23 – Complications Flashcards
3 broad categories of complications?
- Anesthesia related
- Procedure related
- Patient specific
What are the anesthesia related complications?
- Hypothermia
- Hypotension
- Hypoventilation (hypercapnia)
- Hypoxemia
- Bradycardia
What are some procedure related complications?
- Pain
- Hemmorrhage
What are some specific patient complications for a brachycephalic breed?

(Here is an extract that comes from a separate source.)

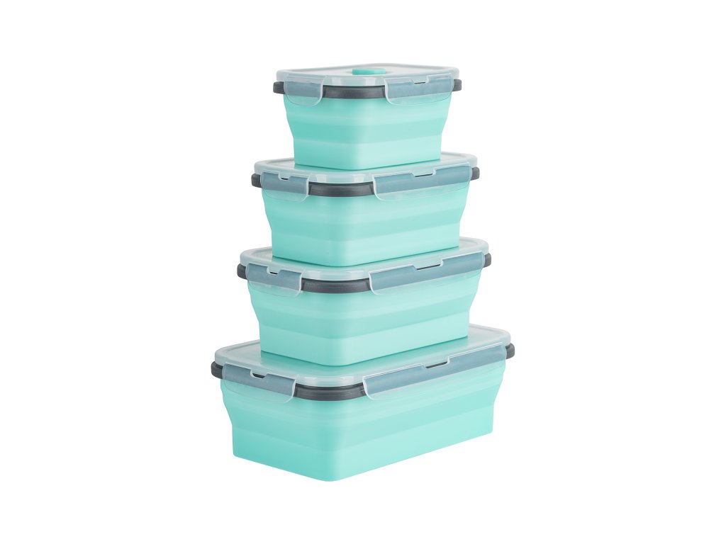anyag: szilikon + műanyag Csomagban: 4 tartály Méretek és kapacitás: - 125 x 90 x 57 mm / 350 ml - 160 x 102 x 57 / 500 ml - 178 x 115 x 60 / 800 ml - 210 x 132 x 67 / 1200 ml

- Upper airway obstruction
- Regurgitation/vomiting ->aspiration
- Hyperthermia
What is the normal PaO2 and FiO2?
- PaO2= 80-11mmHg
- FIO2=21%
What is the normal saturation of hemoglobin (SpO2)?
- 97-100%
What values for PaO2 and SpO2 indicate hypoxemia?
- PaO2<60mmHg
- SpO2<90%
What are some causes of hypoxemia and low SpO2?
- Low inspired O2 (FiO2)
- Hypoventilation
- Diffusion problem (pulmonary disease)
- Ventilation perfusion (V/Q) mismatch
- Right to left shunt
What are the clinical effects of mild hypoxemia (SpO2>80%)?
- Activation of SNS
- Increase HR
- Mild hypertension
What are the clinical effects of moderate hypoxemia (SpO2: 60-80%)?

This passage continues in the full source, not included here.